045P University of Leicester, UK
6th Focused Meeting on Cell Signalling

 

 

FFA2-Elicited Glucagon Like Peptide-1 Secretion: Roles of GGαi and GGαq

Introduction: The incretin hormone glucagon like peptide-1 (GLP-1) is secreted from the L-cells of the colon in response to short chain free fatty acids (SCFA) which are generated by the fermentation of non-digestible carbohydrates by the gut microbiota. This effect is mediated at least in part by signalling through the free fatty acid receptor 2 (FFA2) (1). FFA2 is reported to couple to both Gαi and Gαq (2). This study aims determine the signalling pathways which regulate GLP-1secretion in the L-cells of the colon.

Methods: Colons from adult C57BL6/NTac mice were digested with collagenase into cell structures resembling colonic crypts as previously described (3). After overnight incubation, the crypts were incubated for two hours in physiological saline, containing 1 mM acetate, 1 mM propionate, or 1 mM butyrate, in the presence or absence of 100 nM PTX (overnight) or 100 nM FR900359 (30 min). Active GLP-1 was assayed by ELISA in the culture supernatant and cell lysates. Amount released was expressed as a percentage of total GLP-1 content and was normalised to baseline secretion per mouse. Data are means ± SEM, statistical analyses are one-way or two-way ANOVA with post hoc Dunnett’s or Sidak’s, where appropriate.

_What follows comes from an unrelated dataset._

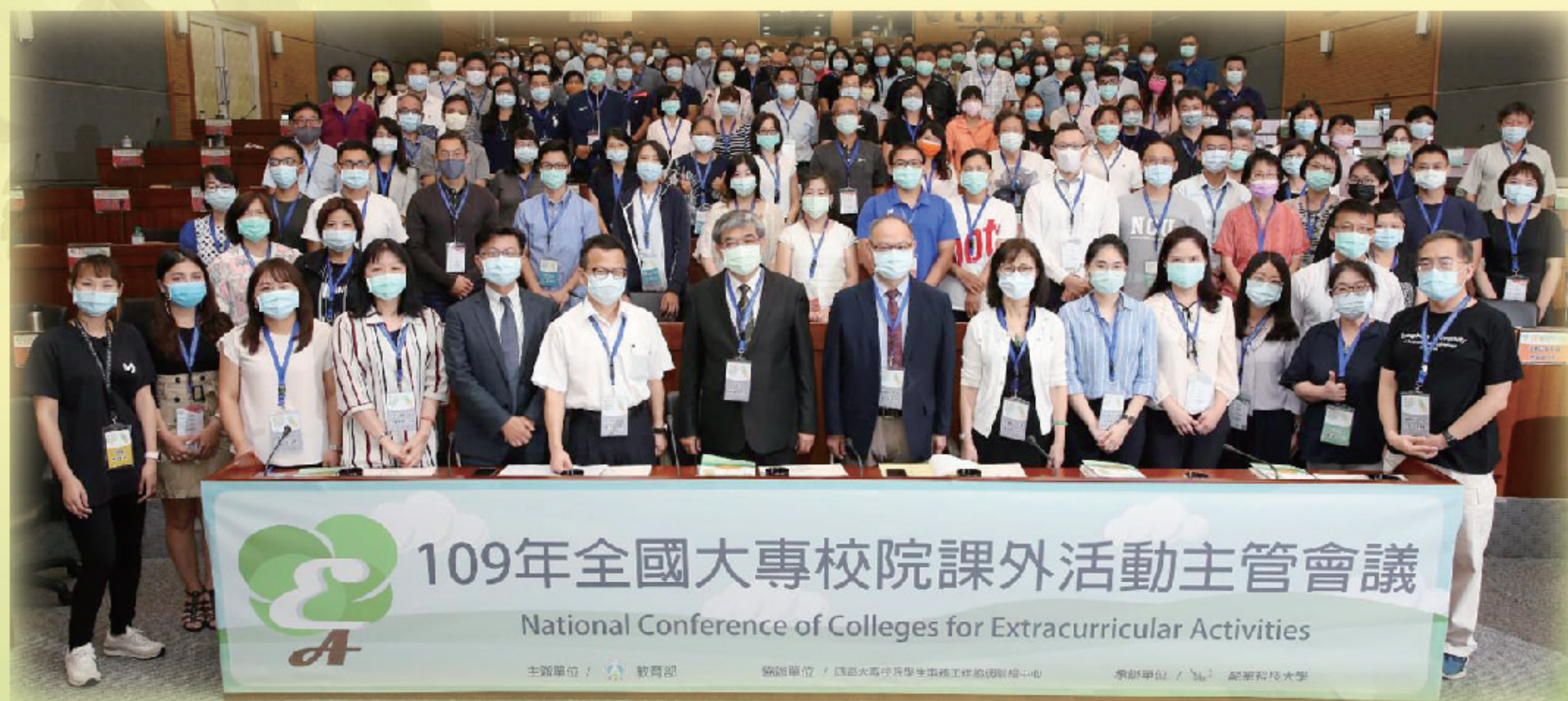
▲ 109年全國大專校院課外活動主管會議大合照

的場域，藉由輔導學生參與社團活動的歷練，進而蛻變為成熟穩重、獨當一面的優秀青年，除感謝學生課外活動工作伙伴的熱情奉獻，也期許學校能夠成為學生的堅強後盾，持續抱持開放態度與學生相互溝通、凝聚共識、因應學生潮流及符應社會發展趨勢，展現大專學生的活力與自信。(學務科 李靜慧)

Results: Propionate significantly increased GLP-1 secretion, while acetate and butyrate showed similar trends. Propionate-elicited secretion was unaffected by concomitant PTX incubation, but was abolished by the Gαq inhibitor FR900359 (see table 1). In colonic crypts from Ffar2 -/- mice, no increases in GLP-1 secretion were observed with acetate, butyrate or propionate.

 

Table 1. Fold increases in GLP-1 secretion over baseline (n=3).

Ffar2 +/+ Ffar2 -/- + PTX + FR900359
Acetate 1.47 ±0.09 1.17 ±0.19 1.97 ±0.35 -
Propionate 2.82 ±0.51 1.15 ±0.16 2.06 ±0.34 0.93 ±0.06
Butyrate 2.15 ±0.50 1.19 ±0.12 1.85 ±0.40 -

 

Conclusions: GLP-1 secretion in response to SCFAs appears to be downstream of FFAR2 coupling to Gαq, whereas Gαi appears not to be involved. Potentially, FFA2 may be entirely responsible for GLP-1 secretion, rather than FFA3, which is believed to be expressed on the same cells. This study is the first time the new Gαq inhibitor FR900359 has been used to demonstrate the involvement of Gαq downstream of FFA2, or indeed any GPCR in the L-cell.

References

1. Tolhurst G. et al. (2012) Diabetes 61: 364–371.

2. Brown et al. (2003) JBC 278: 11312–11319.

3. Reimann F. et al. (2008) Cell Metabolism 8: 532–9.